La cour d’appel de Paris décide de renvoyer l’islamologue suisse Tariq Ramadan en procès pour des viols sur trois femmes. Le cas d’une quatrième est écarté et pourrait comme la défense former un pourvoi pour la contester.
Quatre femmes l’accusent de viol
Le 29 mars, la chambre de l’instruction a examiné l’appel déposé par la défense d’un homme de 61 ans, contestant la décision de renvoi prise en juillet 2023 par deux juges d’instruction parisiennes concernant des accusations de viol sur quatre femmes.
Selon les réquisitions de l’avocat général Matthieu Bourrette, les preuves preuves étaient suffisantes uniquement pour renvoyer l’islamologue devant la cour criminelle départementale que pour un cas de viol aggravé, incluant des violences sur une personne vulnérable, commis sur “Christelle” à Lyon en octobre 2009.
Il avait toutefois écarté un élément central de ce dossier, à savoir l'”emprise” que M. Ramadan aurait exercée sur “Christelle” et ses autres accusatrices : Henda Ayari, une ancienne salafiste devenue militante laïque, qui avait déclenché l’affaire en portant plainte en octobre 2017 pour un viol présumé en 2012 à Paris ; Mounia Rabbouj, une ex-escort girl l’accusant de neuf viols entre 2013 et 2014 ; et une troisième femme pour des faits datant de 2016. Il avait donc demandé un non-lieu les concernant.
“Pourquoi l’une est écarté et pas les autres ?”
Pourtant, selon les avocats des deux parties, la cour d’appel a adopté une position encore différente de celle du parquet de Paris, des juges d’instruction parisiens et de l’avocat général, en excluant uniquement le cas de Mounia Rabbouj.
Les avocates Laure Heinich et Laura Ben Kemoun, représentant cette femme de 51 ans qui était partie civile lors du procès pour proxénétisme du Carlton, impliquant l’ancien directeur du FMI Dominique Strauss-Kahn. Elles étaient aussi conseillères de “Christelle” et de la troisième femme, et critiquent une décision “particulièrement difficile à comprendre”.
“Pourquoi l’une est écartée et pas les autres ? Personne ne peut comprendre cette décision”, qui ne permettra pas de juger “la complexité et la globalité du dossier”, d’après Me Heinich. “Nous allons réfléchir à un pourvoi”, indique-t-elle.
“Le combat continue pour l’innocence”
Avocat d’Henda Ayari, Me David-Olivier Kaminski se félicite d’une “victoire pour la justice” car sa cliente “aura droit à un procès qui permettra à la justice de dire si M. Tariq Ramadan est réellement innocent ou coupable”.

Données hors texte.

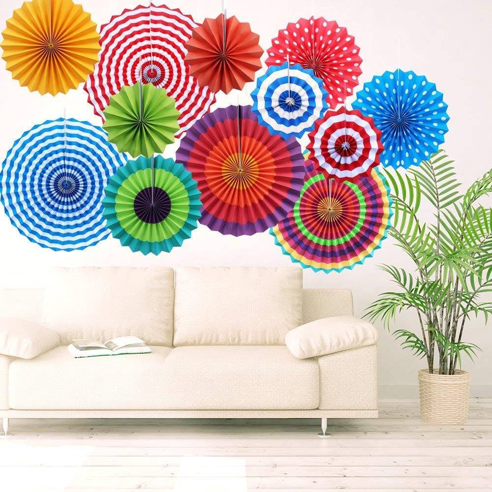 Такие простые элементы декора с радостью будут делать дети. Их можно менять в зависимости от времени года или настроения. Надеюсь, вам понравиться идея украшать комнаты с праздники декором из бумажных вееров.
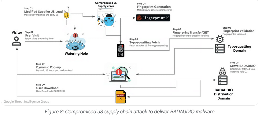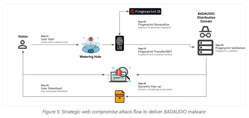 Der generierte Browser-Fingerabdruck diente als Selektionsmechanismus: Nur validierte Opfer erhielten gefälschte Popup-Fenster, die zum Download der BADAUDIO-Malware verleiteten. Die Angreifer wechselten kontinuierlich zwischen neu registrierten und zuvor kompromittierten Domains – eine Taktik, die bis September 2025 beobachtet wurde.
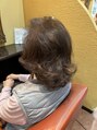 毛が細く毛量も多くないので、パーマをかけて仕上げにアイロンでカールを作ってボリュームを出しました。

Me Pascal Garbarini, un des avocats de M. Ramadan, assure que “le combat continue pour l’innocence” de son client. L’avocat, qui avait demandé le non-lieu, “continue à penser qu’il n’y a pas d’éléments tant sur le plan matériel que sur celui de l’emprise” contre son client.
“Cette décision est surprenante au regard de la position de l’avocat général”, a indiqué un autre avocat en défense, Me Ouadie Elhamamouchi. “Néanmoins nous restons sereins et allons former un pourvoi en cassation afin de contester cette décision”, indique-t-il.
Un tournant après la révélation de relations adultères
Dans cette affaire très médiatisée et représentative de l’époque #MeToo, les accusatrices décrivent des rapports sexuels extrêmement violents, comme le mentionne l’acte d’accusation.
“La main qui tient et force la tête, le bras qui empêche de bouger ou de se retourner, le poids du corps, le regard de fou, les paroles de domination et de soumission, les ordres, les gestes, cette attitude pour imposer les pénétrations”, décrit le document.
C’est précisément le témoignage de Mounia Rabbouj, qui avait exhibé une robe tachée du sperme de l’islamologue, qui avait forcé ce dernier à admettre à partir de mi-2018 qu’il avait eu des relations adultères avec elle et d’autres anciennes maîtresses, marquant un tournant crucial dans cette affaire.
Jugé non coupable en mai 2023
Initialement, M. Ramadan avait catégoriquement nié toute relation sexuelle avec ses accusatrices, pour ensuite reconnaître des liaisons extraconjugales teintées de “domination”, décrites comme sévères mais consenties.
En Suisse, le prédicateur a été jugé non coupable en mai 2023 dans une affaire datant de 2008 impliquant des accusations de viol et de contrainte sexuelle.
Le procès en appel s’est tenu à la fin de mai à Genève. Le procureur a requis une peine de trois ans de prison, dont la moitié ferme, en mettant en avant l'”emprise” qu’aurait exercée Tariq Ramadan, qu’il a comparée à un “syndrome de Stockholm” chez la plaignante. La décision a été mise en attente et sera rendue “dans plusieurs semaines”.